Monday, Apr. 15, 1935
Schechter for Belcher
Fortnight ago the Roosevelt Administration ducked its first opportunity for a clean-cut test of NRA's constitutionality when at the Government's request the Supreme Court dismissed the case against Lumberman William Elbert Belcher, who had deliberately refused to obey the Lumber Code (TIME, April 8). This procedure practically demoralized NRA's personnel, precipitated a nation-wide epidemic of petty code violations and put the Government in the equivocal position of asking for an extension of the NIRA without daring to risk a showdown on the Act's basic validity. To hush critical cries of cowardice, NIRB Chairman Donald Richberg last week stuck his hand into the grab bag of NRA litigation and pulled out another case which he said the Government would quickly carry to the Supreme Court for the test the country seemed to demand. The case: U. S. v. A. L. A. Schechter Poultry Corp., Schechter Poultry Market, Joseph Martin, Alex & Aaron Schechter.
"Assistant President" Richberg produced a number of reasons for preferring the Schechter case to the Belcher case as a battleground for Constitutional appeal. Whereas the Belcher case had been routed around the Circuit Court of Appeals and its record consisted only of bare charges and a general demurrer, the Schechter case had a 1,647-page trial record, had passed from the district court through the Circuit Court. Not given as a reason for his preference was Mr. Richberg's enthusiastic declaration that the Circuit Court's Schechter opinion "sustained the constitutionality of NRA right across the board!"
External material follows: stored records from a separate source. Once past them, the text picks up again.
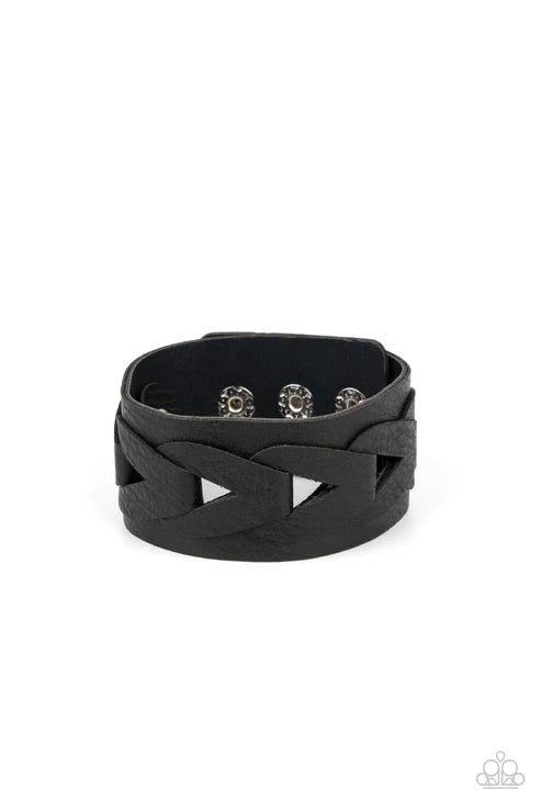 Featuring airy triangular cutouts, black leather links interlock across the center of a distressed black leather band for a rustic flair. Features an adjustable snap closure.
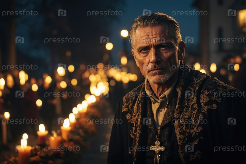 Генеративный мужчина пожилой человек в ночь на День всех святых в церкви, украшенной горящими свечами
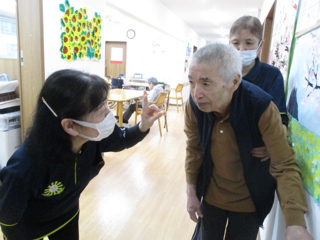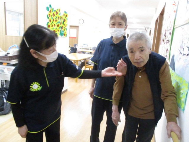 日々のご様子です!! 室内を職員と一緒に歩かれています( ^ω^)・・・ 支えられて嬉しそうですね(^0_0^)
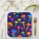 L'assiette elle-même pourrait être un bleu océanique vibrant ou un aqua ludique, servant de décor parfait pour le motif méduse. Au centre, une méduse fantaisiste aux tentacules flottantes dans une variété de couleurs vives flotte gracieusement. Son corps translucide et ses teintes irisées captent l'essence de la beauté sous-marine et de la vie marine. Ce design évoque un sentiment d'émerveillement et de fascination, le rendant idéal pour des fêtes sur le thème de l'océan, des rassemblements de plage ou tout événement célébrant le monde enchanteur sous les vagues.
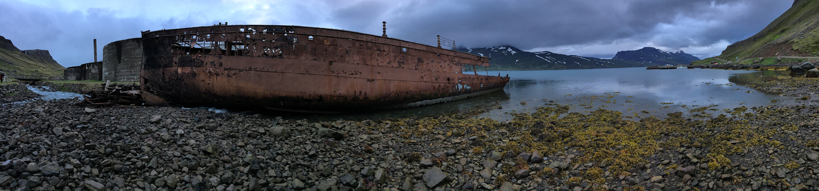 Fun, right? A pano captures the immense scale of this rusting fishing ship and the beauty of the Icelandic mountains and water.
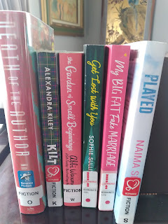 [6 books arranged vertically from left to right: Death of the Author, Kilt Trip, The Garden of Small Beginnings, Get Lost with You, My Big Fat Fake Marriage, Played]
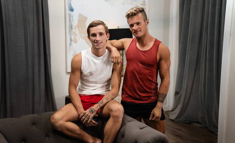 Men: Nice american boys young dude Theo Brady and strong bull Pax Perry jack off with dildo
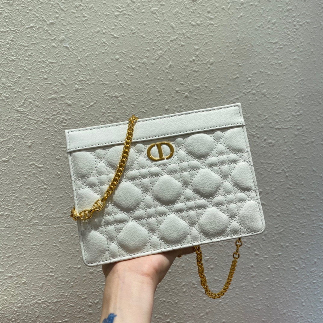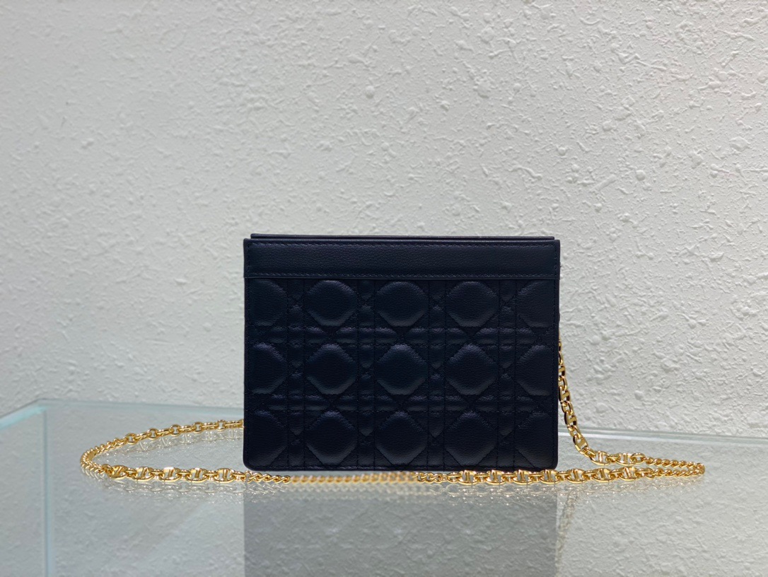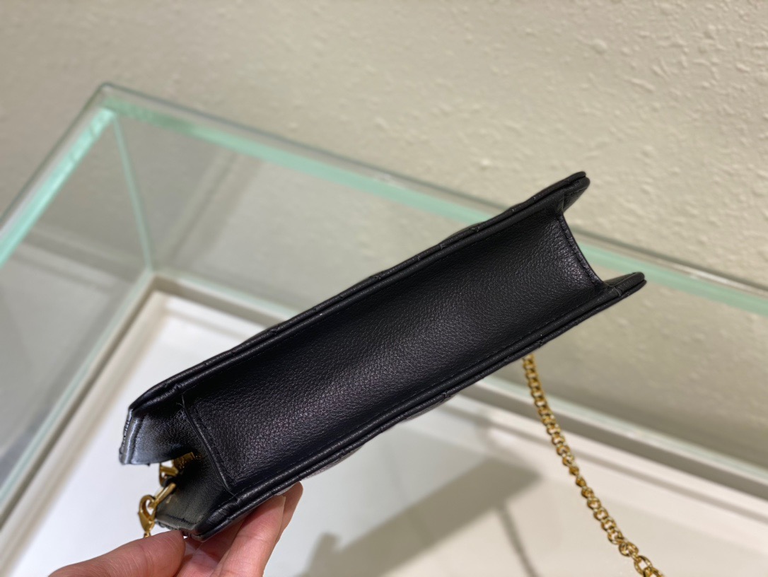 This stylish zipped pouch with a chain perfectly blends contemporary functionality with the House’s timeless elegance. Created using luxurious calfskin, it showcases the iconic Cannage stitching and features a prominent ‘CD’ signature on the front. The removable chain, embellished with ‘CD’ chain links, allows for versatile carrying options – by hand, over the shoulder, or crossbody. This pouch effortlessly complements other items from the same collection, completing a cohesive look.
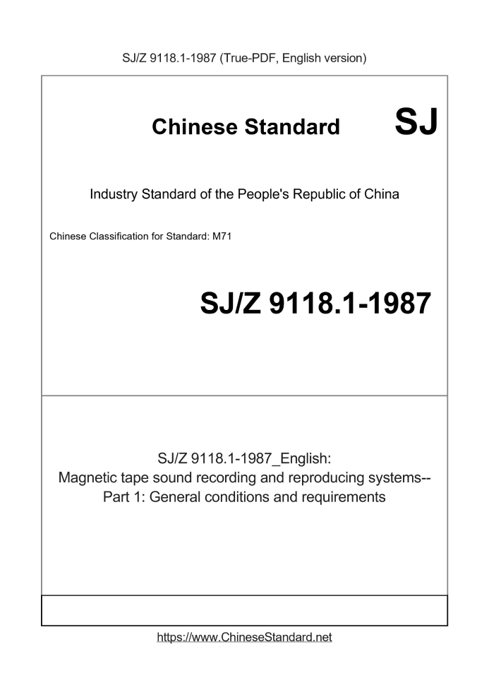 Delivery: <= 3 days. True-PDF full-copy in English will be manually translated and delivered via email. SJZ9118.1-1987: Magnetic tape sound recording and reproducing systems--Part 1: General conditions and requirements Status: Obsolete
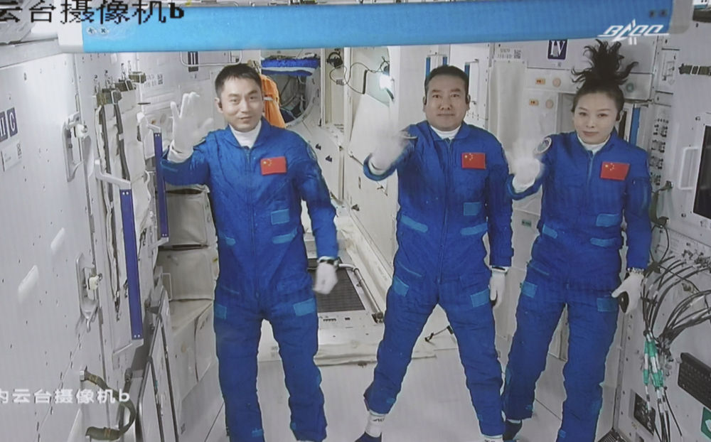 10月16日在北京航天飞行控制中心拍摄的进驻天和核心舱的航天员翟志刚(中)、王亚平(右)、叶光富向全国人民挥手致意的画面。(新华社记者田定宇摄)
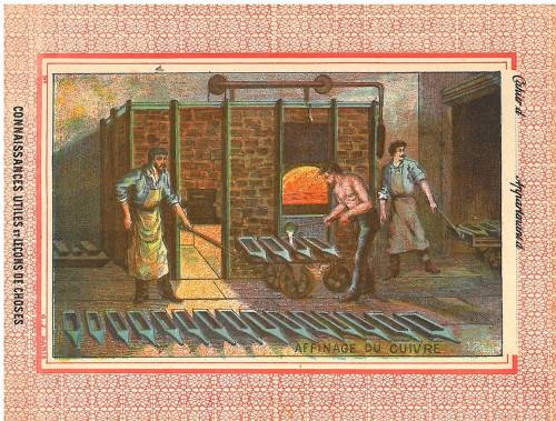 Couverture non numérotée : Affinage du cuivre. Chromolithographie sur papier épais beige. Fond rose. Au dos, texte explicatif anonyme, en deux colonnes.
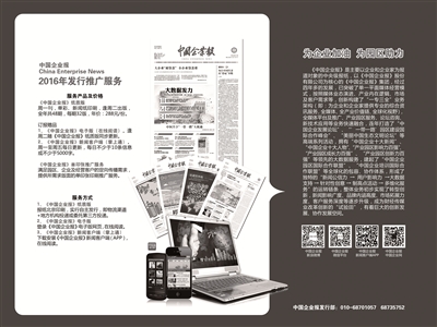 版权声明:《中国企业报》刊发的所有作品,版权均属于中国企业报社。未经报社书面授权,任何单位及个人不得将《中国企业报》刊发的内容用于商业用途。如进行转载、摘编,必须在报社书面授权范围内使用,并注明作品来源"中国企业报"以及相关作者信息。 本站地址:北京海淀区紫竹院南路17号 邮编:100048 电话:010-68701050 传真:010-68701050 京ICP备11013643号 京公网安备110108008256号
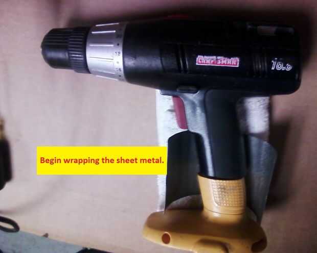 Abra las mordazas de tornillo de banco de 1/8 ". Utilice el borde superior de la mordaza a la forma o la chapa del rodillo en un semicírculo. (La manija en dispositivos inalámbricos es 6" en la circunferencia, por lo tanto el metal de hoja es 6-1/2' largo para una buena superposición cuando completa.) * Utilizar guantes de cuero para proteger las manos.
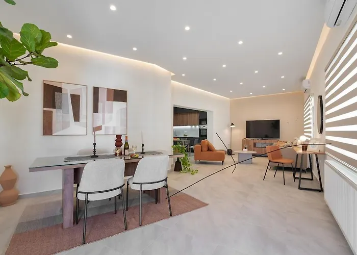 The spacious 140 m² Coralie 3 Bedroom Apartment 40M From The Beach Chania includes a terrace and is situated around a 5-minute stroll from lazareta. The Historical Archive of Crete is within a few blocks of the apartment while the Old Venetian Harbor is only 1.5 km away.
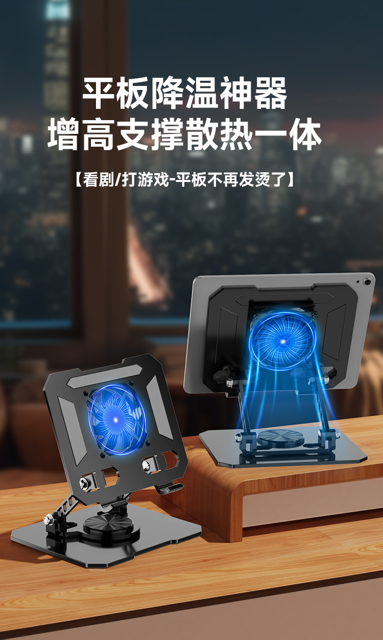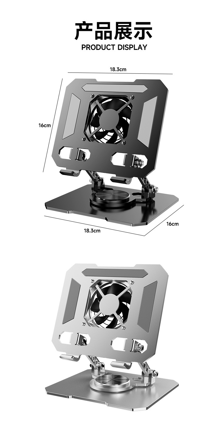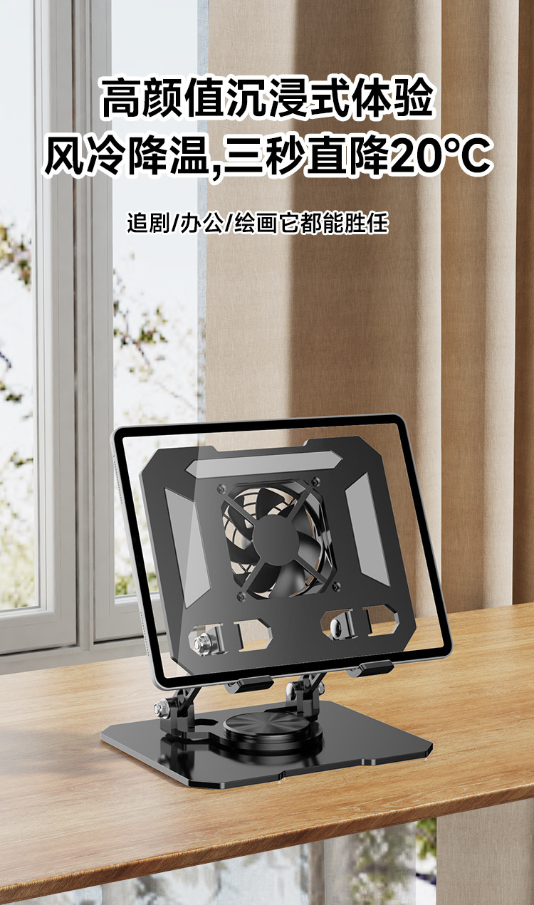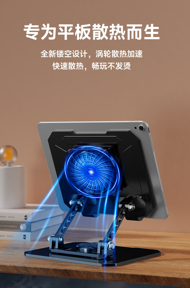 デスクトップスタンド360 ° 調整可能な回転式折りたたみ式放熱ファン一体型メタルポータブルタブレットスタンド
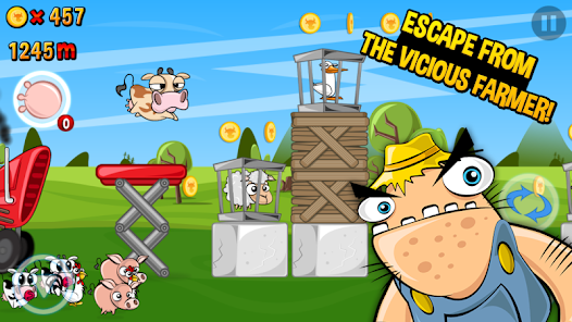 《奶牛快跑 Run Cow Run》是一款以农场、小动物和杀戮为主题的休闲跑酷游戏。农场主将小动物们一个个装进笼子准备屠杀小动物们眼泪汪汪的看着绞肉机不敢去想自己的未来。就在这时一只暴怒的奶牛决定改变命运。它一边拼命逃跑躲过追捕一边踢开同伴们的笼子让它们重获自由。
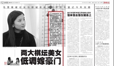 新結(jié)婚時(shí)代,即便是仙女下凡也還是向往婚姻殿堂。昨日,某專業(yè)報(bào)報(bào)道,中國(guó)圍棋雙姝之一的毛昱衡已與中超杭州綠城老板宋衛(wèi)平登記結(jié)婚,記者隨即通過(guò)多方證實(shí),這位棋壇美女早在去年12月就已登記,嫁入豪門(mén),不出意外,兩人將在今年年底舉辦婚禮。此前,雙姝之一的圍棋美女唐莉也被爆與神秘富豪完婚,并且已懷有身孕,深入簡(jiǎn)出的唐莉已在家安心養(yǎng)胎。兩位棋壇最美嫁的嫁,婚的婚,留給棋迷一聲嘆息。

The 1,647-page Schecnter record failed to bear Mr. Richberg out. Instead of sustaining NRA "right across the board," the Schechter decision barely placed NRA in the money. The Brothers Schechter operate the two largest jobbing plants in the unsavory $60,000,000-a-year Brooklyn poultry industry. Last year they were indicted on 19 counts for violating the Live Poultry Code. Seventeen counts found the Schechters outside the fair trade provisions of the code because they: 1) sold diseased and uninspected chickens; 2) permitted butchers to select the chickens they wanted killed; 3) filed false reports on their sales volume and price scale. Two other counts accused the Schechters of working their employes longer than code hours, paying them less than code wages.
Acting on the case last week, the Circuit Court in Manhattan made an important distinction between the Schechters' chickens and their employes. Since the Schechter chickens came from outside New York, the circuit judges found that they constituted merchandise in interstate commerce and were subject to NRA regulation. Upheld, therefore, was the trial court's decision that the Schechters had been guilty of unfair trade practices under the Poultry Code. But a majority of the Circuit Court ruled that the working conditions of employes in the Schechters' Brooklyn plants were no interstate affair and therefore none of NRA's business. In effect, the Court's ruling coincided with dozens of other Federal judicial opinions that the interstate commerce clause of the Constitution gives NRA no power to enforce locally its labor and wage provisions. If the Supreme Court sustains the Circuit Court on this point NRA will have won its body but lost its soul.
The Department of Justice dutifully announced that it would hurry the Schechters' appeal from the Circuit Court's findings, file a cross appeal. Goal was a Supreme Court decision by June 3, last decision day before summer adjournment and just 13 days before NRA expires.